Anyways, I know I haven't been posting reguarly, but I'll try my best - school has just been so insane lately!

Love Karen

Thursday, January 04, 2007

Post #34 - 6 Months

January 4, 2007

I think Jason's MSN name says it best:
RIP Mama. Half a year has gone by...seems like it was just yesterday. Missing you.

My friend Kam sent me a nice e-mail last week to see how the family was doing. Sadly, she lost her mom a couple of years ago. I replied to her today and I just wanted to share a part of my e-mail to her:

"It was really nice going to the hospitals and meeting some of the kids. I just remember when my Mami-Ji gave a teddy bear to a newborn girl and I know that basically I make it through every day without my Mama by being there for her...by making HER happy.

xoxo Karen

Tuesday, January 02, 2007

Post #33 - Quote

"Missing someone gets easier every day because even though it's one day further from the last time you saw each other, it's one day closer to the next time you will..." - Unknown

Sunday, December 17, 2006

Post #32 - Success!


Hey guys,

So today we sorted all the toys we received for the 1st Annual Dave Sidhu Memorial Christmas Drive. I just wanted to say we all did an EXCELLENT job! I'm still in awe that we've raised over $15,000 in toys and cash for the hospitals! Like Mami-Ji said, it's just so overwhelming to think about! And because we received so many toys, we're now also donating some to different women's shelters in the Lower Mainland, and to me that's just amazing! I never thought we'd receive so many toys. People really are wonderful. How can we ever tell them how much their generosity has touched our family? Words can't express how thankful we are.

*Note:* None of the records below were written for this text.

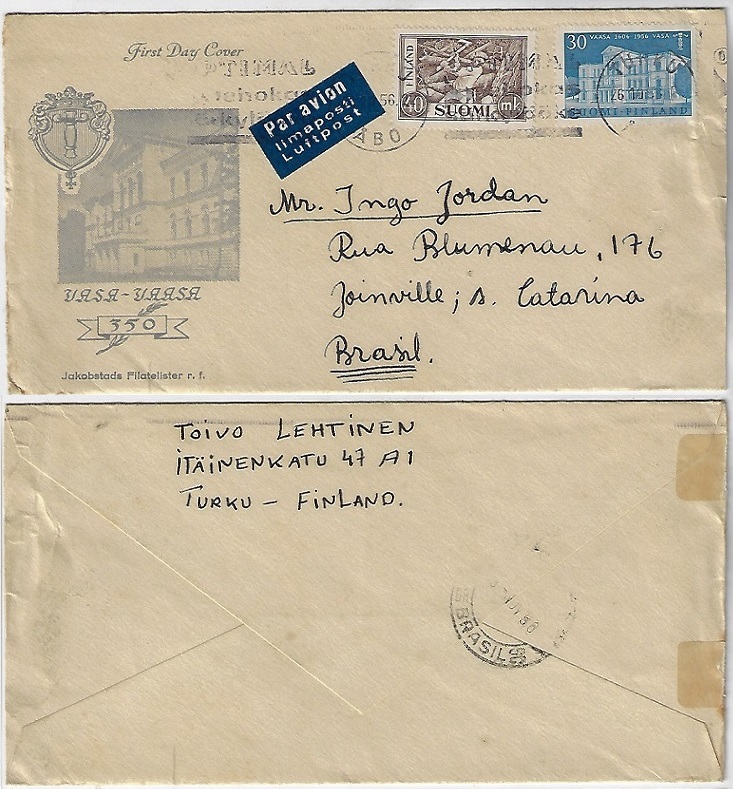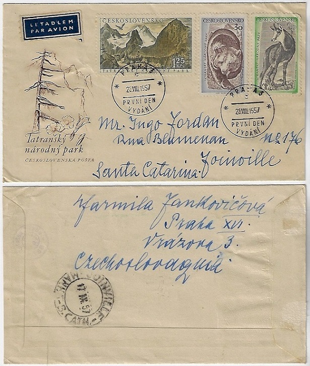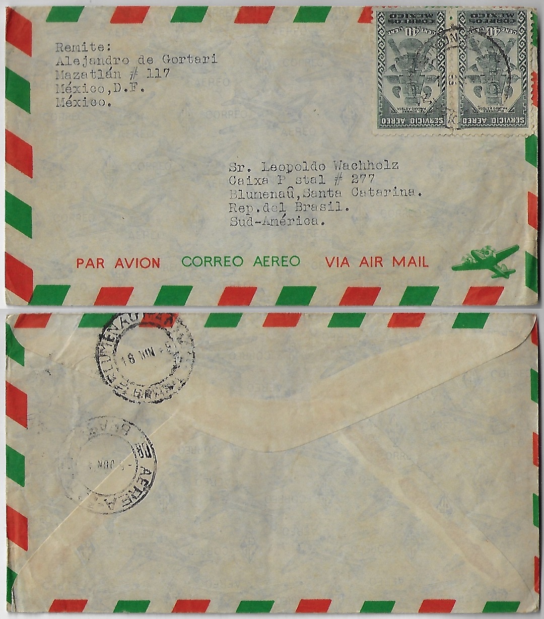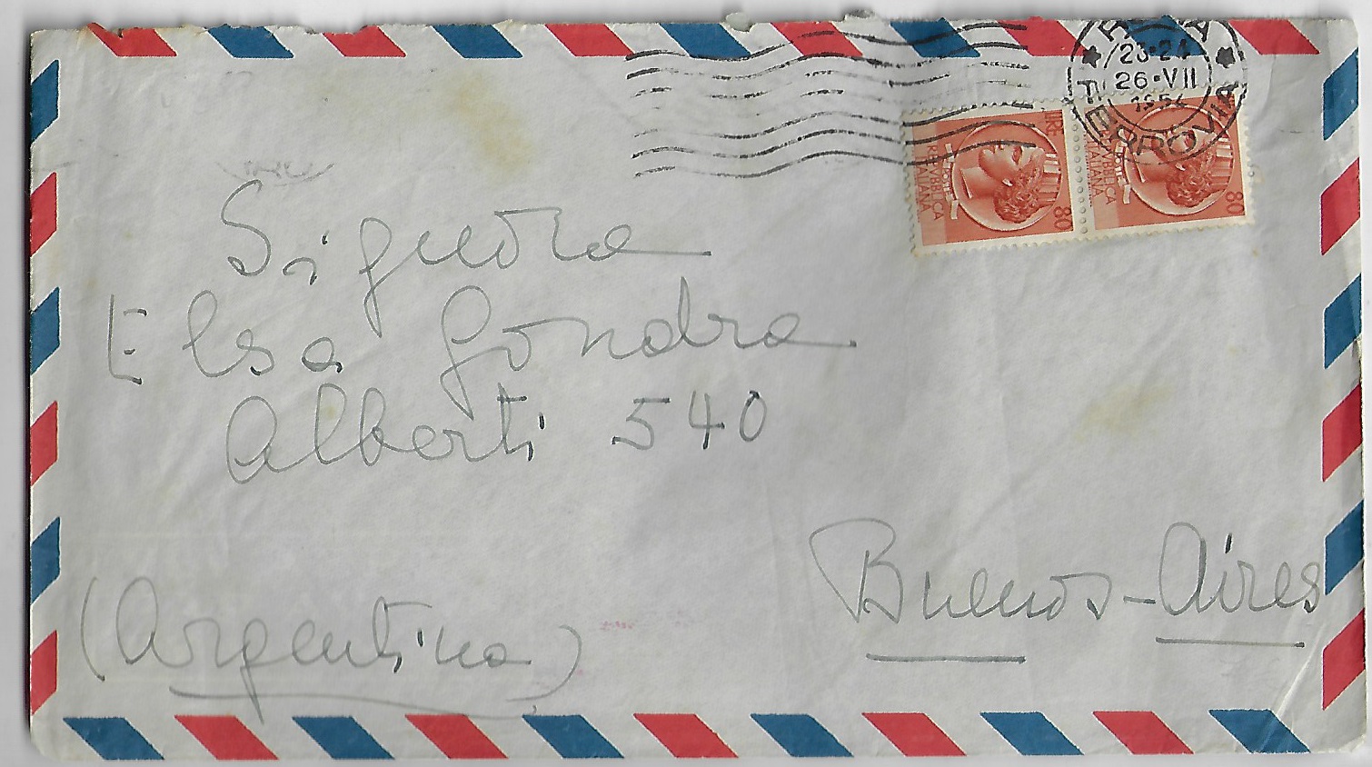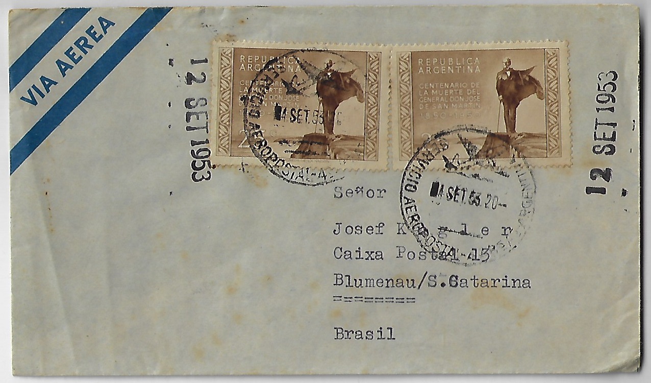 | 80065 | Argentina, 1953, envelope aéreo de Buenos Aires (4/9) para Blumenau (11/9), 2 selos Centenário da Morte do General José de San Martin | 10,00 | Foto |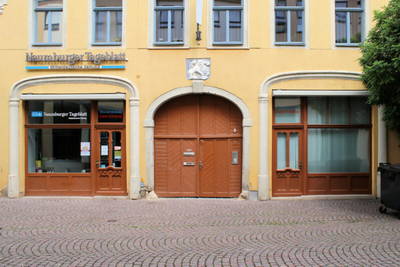 Das Portal und das Hauszeichen „Zum weißen Löwen“ befinden sich zwischen der Wenzelskirche und dem Lindenring in Naumburg.
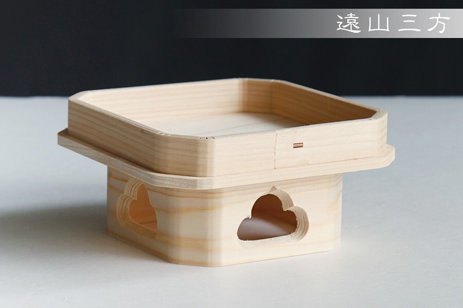 ひのき製 遠山三宝:5寸・高杯:2寸・お皿2寸・榊立3.5寸・瓶子2.5寸・水玉1.8寸・神鏡2寸・かがり火2.5寸・シルク調造花榊1対 | |||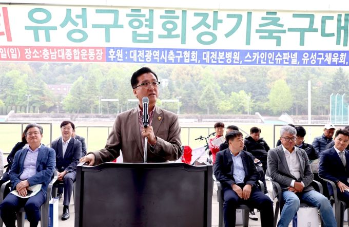 [경남도민뉴스=도문호 기자] 대전시의회 조원휘 의장은 20일 충남대학교 종합운동장에서 개최된 제7회 유성구협회장기 축구대회에 참석해 사고 없는 안전한 대회 진행을 기원하며 건강한 생활체육 문화 조성을 위한 지원을 약속했다.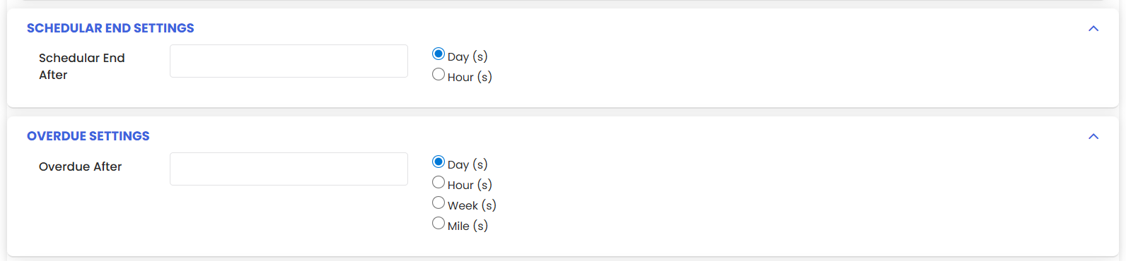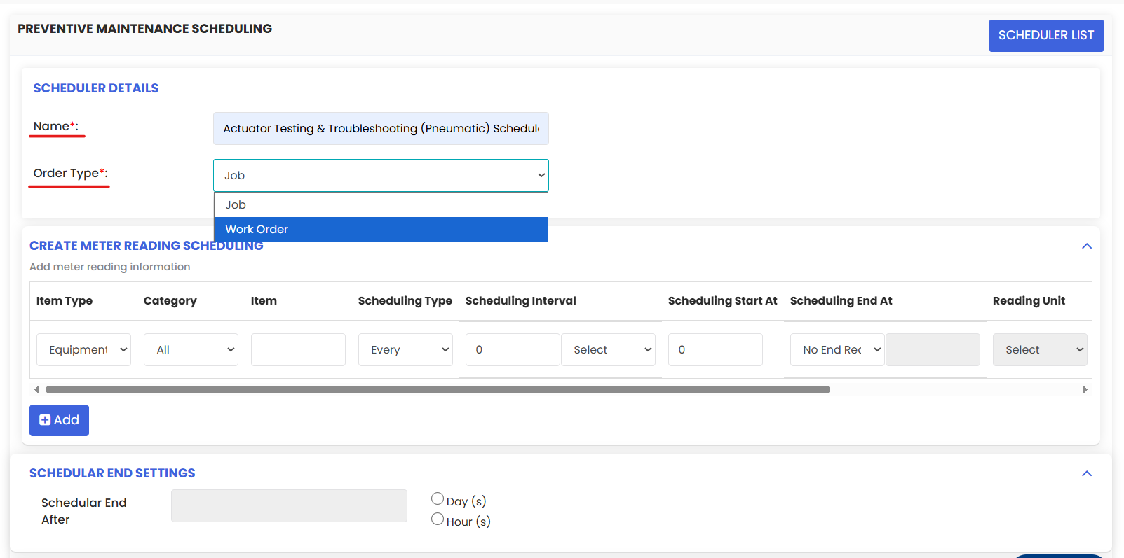 - Scheduler End (optional) — Set a date on which the scheduler should automatically stop, regardless of meter readings. Useful if the asset is due for replacement or disposal by a certain date.

And do you guys realize how proud Mama would be? Today he was looking down on all of us as we came together to help so many sick children. I can't begin to express how amazing it is that he's still helping people smile even though he's no longer with us...

A special thanks goes out to Harinder. You came up with the idea and even though we all pulled together to make the toy drive a success, we would've been nowhere without your leadership! I know none of us (me, Roger, Mission cousins) say it, but we really do look up to you. You helped bring the entire family together and if Mama was with us, I just know he would be telling you how proud of you he was. When I talked to Sim on the phone a couple of days ago, I told him the only other person I knew with a heart as big as my Mama's was you - I honestly believe that.

See you all on Tuesday when we go to Children's Hospital and Canuck Place! And Jason, try your hardest to come out!